Design quire-ci ↔ quire-server API
Assisted-by: Claude Opus 4.7 (1M context) via Claude Code
change qtrtnqknonsskwluxzxkzuzrvzomxlsp
commit 2ac96a5039a7707826ea0732598f168d2fed42c7
author Alpha Chen <alpha@kejadlen.dev>
date
parent uwkpkuqs
diff --git a/docs/plans/2026-05-14-quire-ci-server-api-design.md b/docs/plans/2026-05-14-quire-ci-server-api-design.md
new file mode 100644
index 0000000..7aa153a
--- /dev/null
+++ b/docs/plans/2026-05-14-quire-ci-server-api-design.md
@@ -0,0 +1,167 @@
+# quire-ci ↔ quire-server API
+
+Captures the design for replacing filesystem-based communication between `quire-ci` and `quire-server` with an HTTP API. The endgame is containerized runs with live log streaming; this design lays the groundwork.
+
+## Scope
+
+In scope:
+
+- HTTP/JSON API for all CI→server data flow currently routed through the filesystem.
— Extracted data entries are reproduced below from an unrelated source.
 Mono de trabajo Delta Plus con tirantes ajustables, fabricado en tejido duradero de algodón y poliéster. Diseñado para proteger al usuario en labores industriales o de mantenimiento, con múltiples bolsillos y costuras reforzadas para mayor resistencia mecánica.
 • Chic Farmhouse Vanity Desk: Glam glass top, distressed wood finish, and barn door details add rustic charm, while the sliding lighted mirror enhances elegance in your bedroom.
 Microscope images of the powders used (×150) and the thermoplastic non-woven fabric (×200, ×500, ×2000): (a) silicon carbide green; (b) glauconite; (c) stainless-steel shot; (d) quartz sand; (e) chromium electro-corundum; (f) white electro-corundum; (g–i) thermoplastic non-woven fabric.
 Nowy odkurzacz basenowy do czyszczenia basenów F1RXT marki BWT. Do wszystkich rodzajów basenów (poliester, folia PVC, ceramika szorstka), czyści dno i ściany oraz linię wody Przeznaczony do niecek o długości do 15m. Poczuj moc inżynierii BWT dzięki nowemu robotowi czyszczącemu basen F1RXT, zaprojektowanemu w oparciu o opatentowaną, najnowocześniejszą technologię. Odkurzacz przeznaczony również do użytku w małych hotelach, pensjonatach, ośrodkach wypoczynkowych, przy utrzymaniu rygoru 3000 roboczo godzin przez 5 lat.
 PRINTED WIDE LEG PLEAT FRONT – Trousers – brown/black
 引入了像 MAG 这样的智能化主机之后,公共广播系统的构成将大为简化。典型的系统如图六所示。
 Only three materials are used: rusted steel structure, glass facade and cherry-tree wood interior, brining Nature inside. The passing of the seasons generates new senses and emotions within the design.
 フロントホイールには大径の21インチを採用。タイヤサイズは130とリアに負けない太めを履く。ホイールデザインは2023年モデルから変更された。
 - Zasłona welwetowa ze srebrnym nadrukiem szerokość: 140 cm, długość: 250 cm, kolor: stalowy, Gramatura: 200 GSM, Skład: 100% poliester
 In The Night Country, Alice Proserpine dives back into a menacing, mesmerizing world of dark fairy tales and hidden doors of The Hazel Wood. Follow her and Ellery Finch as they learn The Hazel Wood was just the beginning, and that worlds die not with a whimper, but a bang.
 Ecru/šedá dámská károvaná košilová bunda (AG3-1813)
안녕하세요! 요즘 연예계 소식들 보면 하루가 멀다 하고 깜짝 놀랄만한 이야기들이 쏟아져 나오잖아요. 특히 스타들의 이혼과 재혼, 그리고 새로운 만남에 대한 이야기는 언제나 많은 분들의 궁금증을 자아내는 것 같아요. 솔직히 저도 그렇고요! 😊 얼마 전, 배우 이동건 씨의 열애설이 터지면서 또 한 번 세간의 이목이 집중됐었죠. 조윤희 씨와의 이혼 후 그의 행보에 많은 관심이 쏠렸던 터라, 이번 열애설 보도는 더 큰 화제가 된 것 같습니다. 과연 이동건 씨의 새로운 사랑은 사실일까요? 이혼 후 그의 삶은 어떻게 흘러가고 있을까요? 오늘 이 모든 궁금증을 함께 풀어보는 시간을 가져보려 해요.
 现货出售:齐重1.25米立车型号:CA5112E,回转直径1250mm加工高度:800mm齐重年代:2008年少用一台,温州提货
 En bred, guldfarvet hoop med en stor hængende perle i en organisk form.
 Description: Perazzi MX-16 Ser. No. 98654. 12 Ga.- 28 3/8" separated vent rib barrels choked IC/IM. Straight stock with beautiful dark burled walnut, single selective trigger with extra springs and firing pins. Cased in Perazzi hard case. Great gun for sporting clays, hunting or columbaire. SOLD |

+- Per-run bearer-token auth, scoped so a run's token can only write to that run.
+- Bootstrap via CLI args + env var; no shared filesystem paths for comms.
+- Chunked POST for log streaming, sized for the eventual container case.
+- A server-side config flag that keeps the filesystem path working during build-out.
+
+Out of scope (deliberately deferred to v2):
+
+- Log stream resume after dropped connections (`Resume-From` semantics).
+- Server→CI messages such as cancel or pause.
+- WebSocket transport.
+- Versioned API prefix (`/api/v1/...`).
+- Workspace materialization over HTTP — the git archive still lands on disk for now.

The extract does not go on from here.